### REQUIRED WORK
Word-for-word transcription: reproduce all of the data, but not the pictures.
SOURCE DATA START
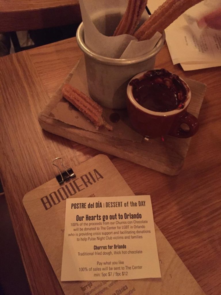 And this past week, while enjoying tapas at Boqueria on the upper East Side, our server, Jameson (what a great name) asked if we would be interested in ordering churros and supporting the Orlando victims. We learned that when you order churros there, 100% of the proceeds will be donated to the LGBTQ Center in Orlando, which is providing crisis support and facilitating donations to help the victims and families.
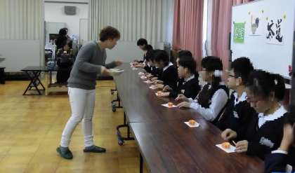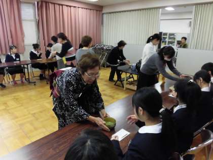 「更生保護女性会」の方々に来ていただき、茶道の作法を教えていただきました。
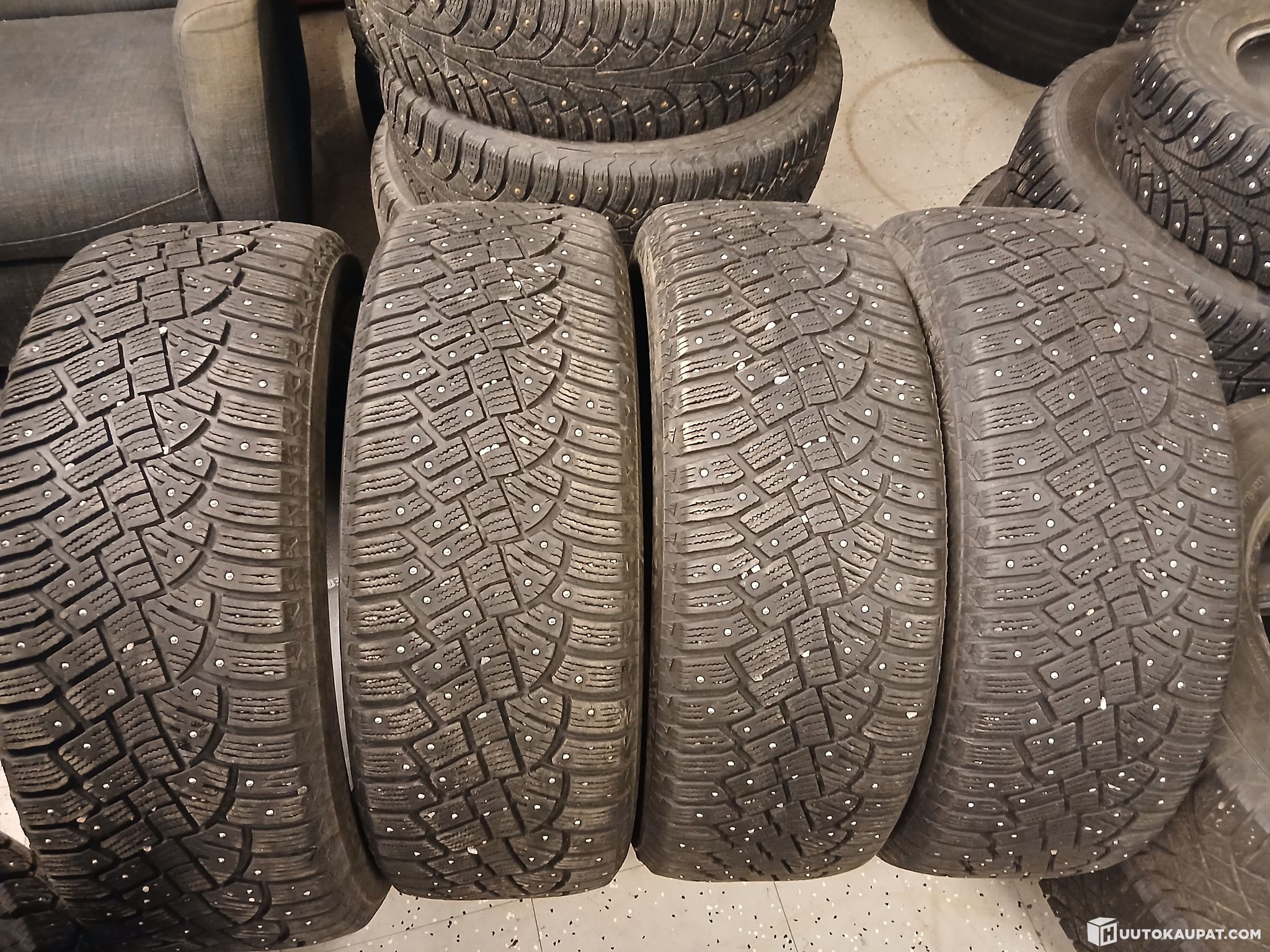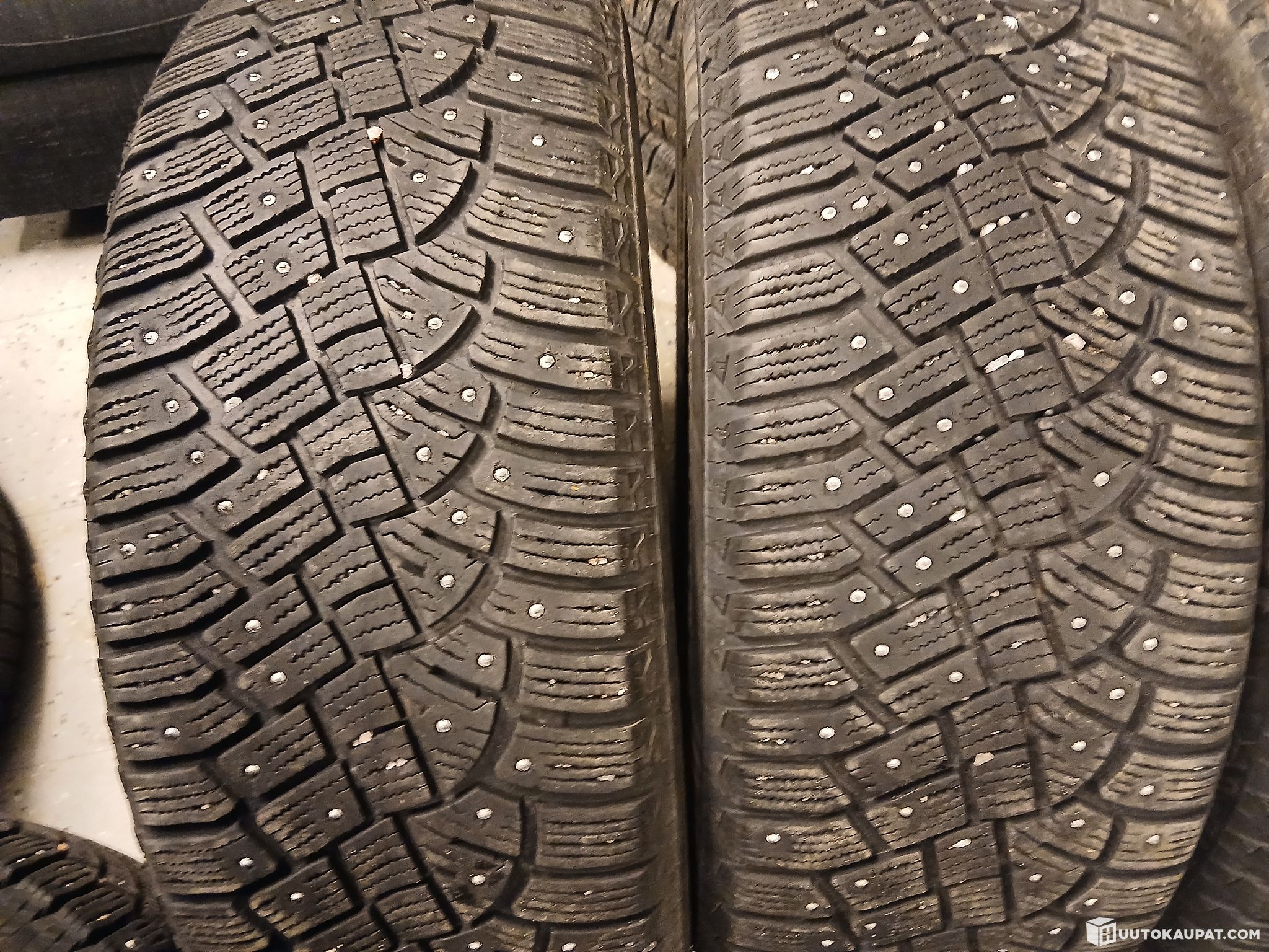 Käytetyt renkaat. Joku nasta puuttuu.
SOURCE DATA END
### TASK ANSWER
 And this past week, while enjoying tapas at Boqueria on the upper East Side, our server, Jameson (what a great name) asked if we would be interested in ordering churros and supporting the Orlando victims. We learned that when you order churros there, 100% of the proceeds will be donated to the LGBTQ Center in Orlando, which is providing crisis support and facilitating donations to help the victims and families.
 「更生保護女性会」の方々に来ていただき、茶道の作法を教えていただきました。
 Käytetyt renkaat. Joku nasta puuttuu.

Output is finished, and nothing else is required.